Once again, you have not responed in any real way to what I posted. I will ask you this, again:
Did the founders have a right to leave the Brittish state?
Perhaps we can work from here. Or you can explain to me the difference in your argument and my characterazation of it.
If I am correct in my understanding, you posit that the state is legitmate because it is a social contract, or something similar?
Is this correct?
If it is a social contract, then we have agreed with it, and this is why we must obey it.
Is this correct?
If those two are correct, it would seem that the state can do whatever it pleases because we have agreed to it. In other words, the state can do no wrong. I am interested in having a serious discussion, but you very rarely do anything but tell me I am wrong. You never provide me with reaons that I am wrong.
In what sense are voulantary agreements abuse? Are you suggesting that people are siginging up to be abused? Let's assume that you get what you want and all sweat shops are forced to close. (I imagine you apply the same argument to current-day sweat shops.) This means that the workers are forced to do something even worse than working in a sweat shop. How is this good. Oh you great humanitarian, you.

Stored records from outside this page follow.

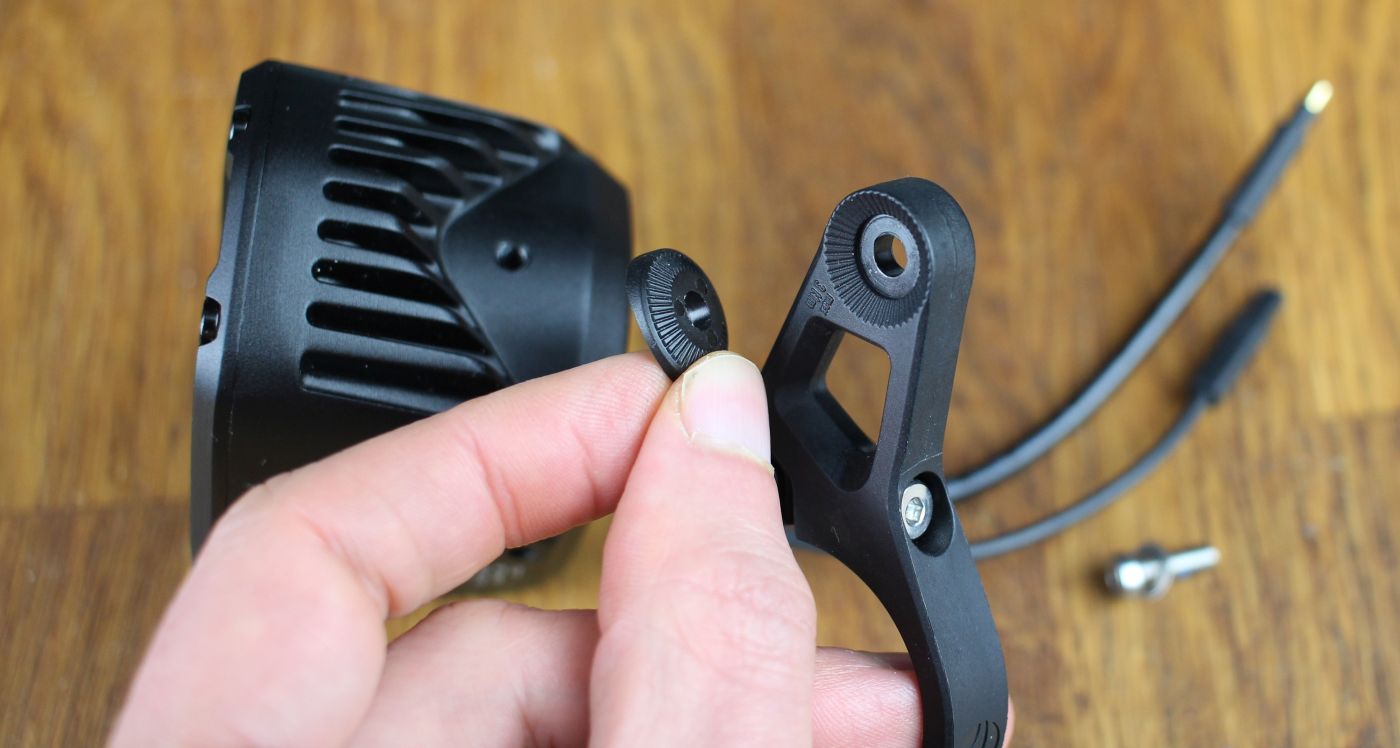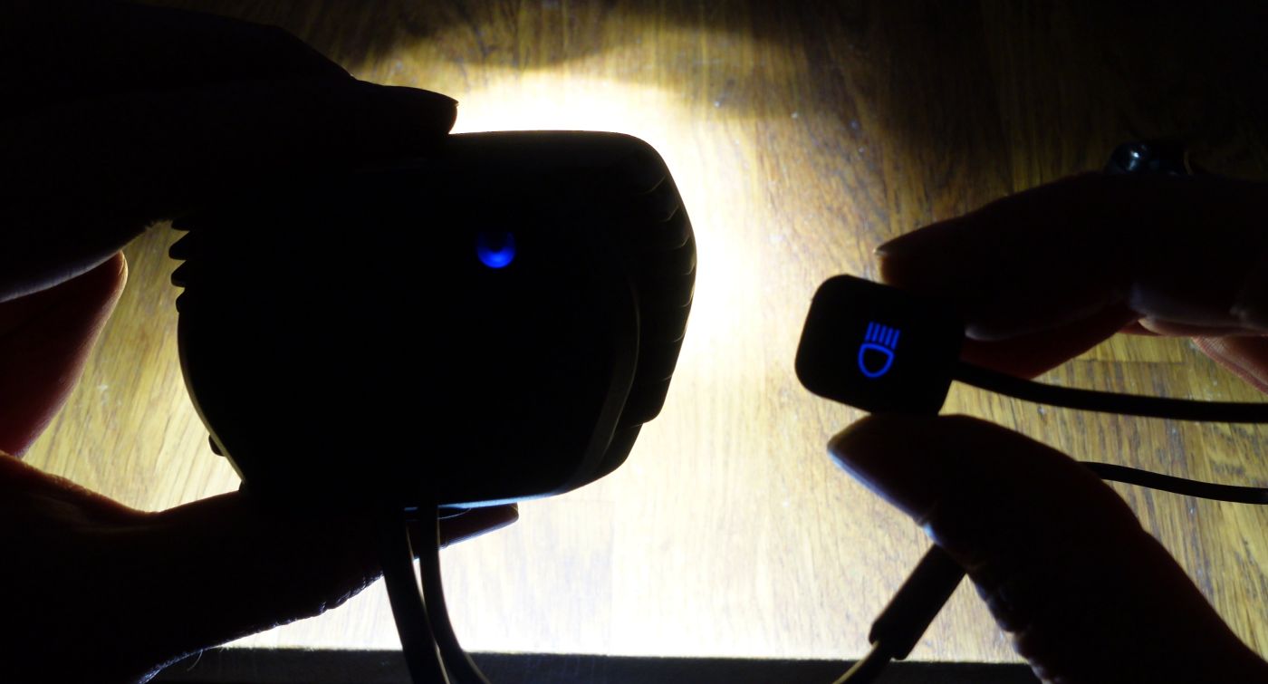 Außer der richtigen Spannung muss der Lichtausgang aber auch genügend Leistung zur Verfügung stellen. 28 W benötigt der Scheinwerfer laut Hersteller bei aktivem Fernlicht, was nicht jeder Lichtausgang schafft. Mit dem zweiten Eingang kann hier aber Abhilfe geschaffen werden. Reicht auch das nicht, lässt sich aber auch die Leistung des Fernlichts auf einen niedrigeren Wert programmieren. Dazu wird der Taster an der Rückseite der Lampe gedrückt, bis dieser anfängt zu blinken. Mit einem kurzen Druck können dann drei Fernlichtstufen durchgeschaltet werden: grün (17 W), gelb (22 W) und rot (28 W). Wartet man eine Weile, hört das Blinken des Tasters auf und der Scheinwerfer speichert den Leistungswert für das Fernlicht.
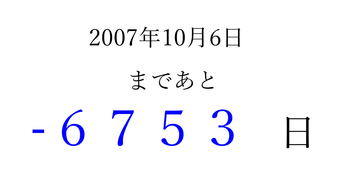 2007年10月6日(土)は もう 0000 日過ぎました 追加すると、トップページからすぐ選べるようになります ※2026/04/02現在の結果です。 最新の状態に更新する ↓シェアして、タイムライン上にカウントダウンを表示しよう!↓ 📤 この結果を共有する Tweet シェア Threads Bluesky 別の日付でカウントダウン 2007年10月のカレンダー このページをブックマークに追加すると、いつでもカウントダウンを確認できます。 (PC: Ctrl+D / Mac: ⌘+D) hitome-notes.comでは以下のページも運営しています。 指定日と期間から日付を計算 | ガチャ確率計算・シミュレーション | プライバシー・ポリシー 運営者:Avocado
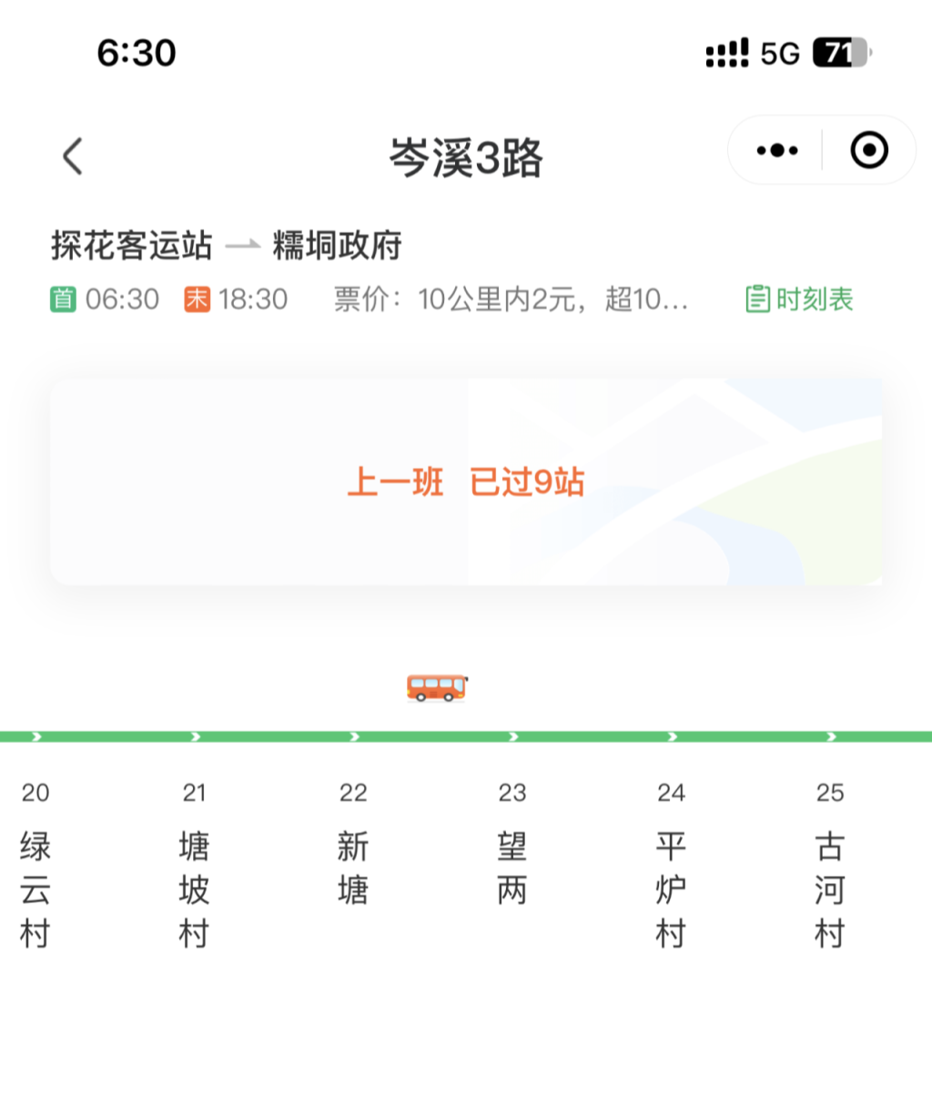 但是小程序與站牌處明確寫明運(yùn)行時(shí)間為首班6:30分至末班18:30分

As for scholarship, I just listed 2 or 3 books whose main argument is to end the state because it is unjust. I also gave you CVs of four anarchists. Most of the things they have written are in the sphere of anarchy. I have, to this point given you the name of 5 tenured professors (three endowed chairs) that are anarchists. This scratches the surface.
Please tell me how I misrepresented your post rather than just telling me that I did. That is how a debate works.